I already know Dad isn’t my biological father.
I found that out two years ago when Johnny Calabrese kidnapped me.
But Dad explained that sometimes these things happen.
That Sophia had been with someone else before they got married, and it didn’t matter because he’d chosen to raise me as his own.
I’d accepted that explanation because I wanted to, because it didn’t really change anything between us.
But staring at this portrait now, I’m starting to wonder if there’s more to the story than Dad told me.
Except sitting here staring at this portrait, I realize how little I actually know about her.
Dad doesn’t talk about Sophia much, and when he does it’s usually just basic facts.
She died when I was seven, but even then I didn’t see her much.
She was always going to parties or locked in her room with headaches, more interested in beautiful clothes and social events than spending time with me.
I reach out and trace the painted curve of her cheek with my finger.
The canvas is smooth and cool under my touch.
If I think really hard, I can almost remember her perfume.
It was something expensive and floral that used to linger in the hallways long after she’d left a room.
But that might just be my imagination filling in blanks.
When she died, I didn’t really grieve.

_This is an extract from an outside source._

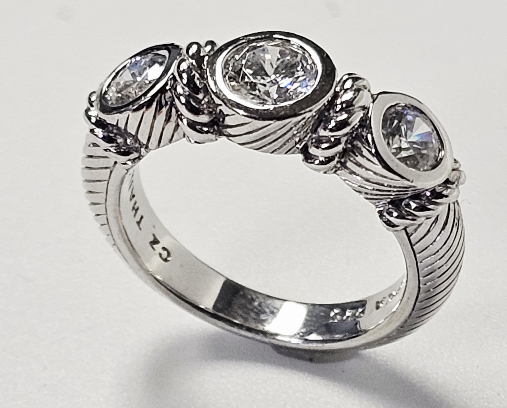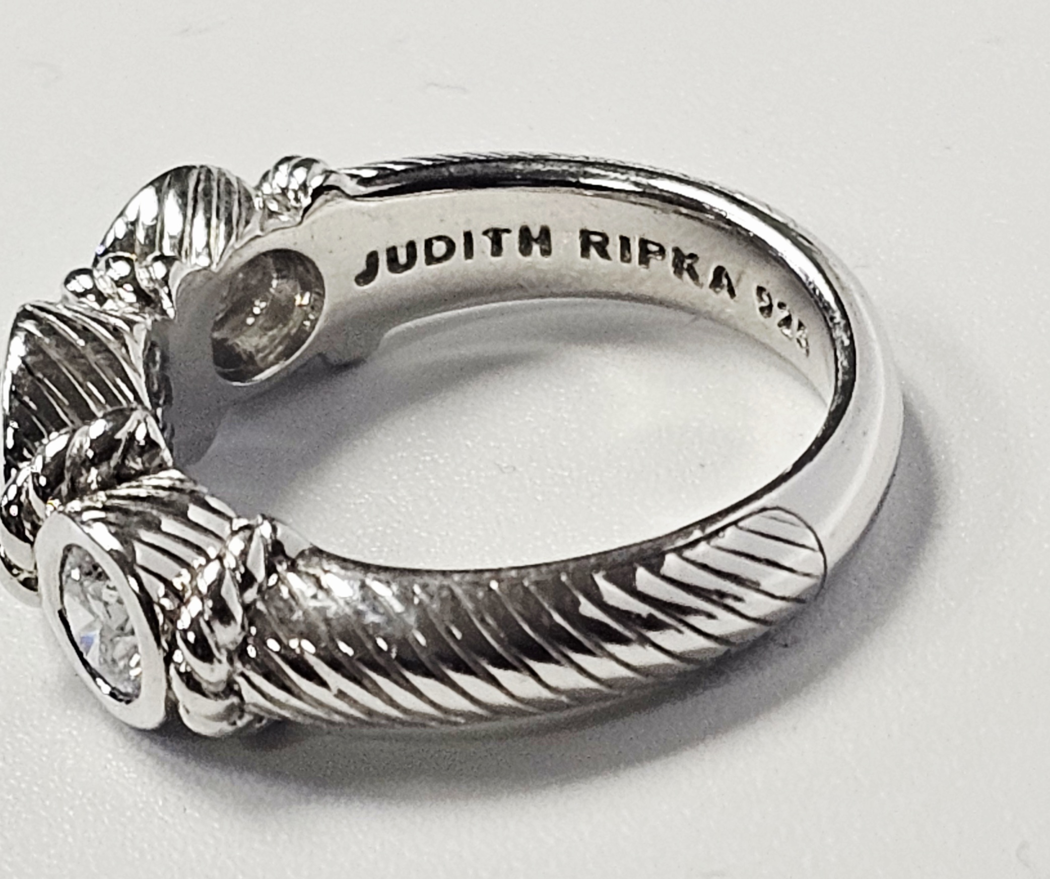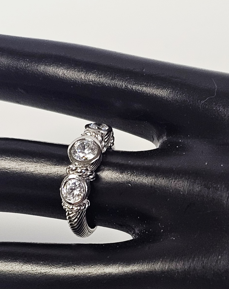 This ring is designed by Judith Ripka and crafted in sterling silver. The design features three graduated, round faceted clear cubic zirconia stones, each secured in a bezel setting. The band and settings are accented with a twisted cable-texture motif characteristic of the designer. The interior of the band is stamped with the maker’s mark JUDITH RIPKA, the purity mark 925, the stone identification CZ, and the origin THAILAND. Size: 6 Weight: 6.1 grams. The ring is in good condition with minor surface scratches and light tarnish consistent with light wear.

How do you mourn someone you barely knew?
Someone who felt more like a beautiful stranger living in your house than an actual mother?
Dad grieved enough for both of us, and Bella’s felt more of a mother or older sister to me in the last two years, even though Bella is only five years older than me.
But what was she really like?
What did she think about, dream about?
Did she love Dad the way Bella loves him now, or was their marriage something else entirely?
What was her relationship like with my grandfather?
He must have liked her or approved of her on some level if he accepted her into the family, knowing she was pregnant with another man’s child.
The longer I stare at the painting, the more questions pile up in my head and the more frustrated I get with how few answers exist.
It’s like trying to solve a puzzle when half the pieces are missing.
Finally, I can’t take it anymore.
I need answers, and clearly no one’s going to volunteer them.
I’m done being the good little princess who waits patiently for scraps of information.
If Dad won’t tell me what’s going on, I’ll make him tell me.
Or bully it out of one of his captains.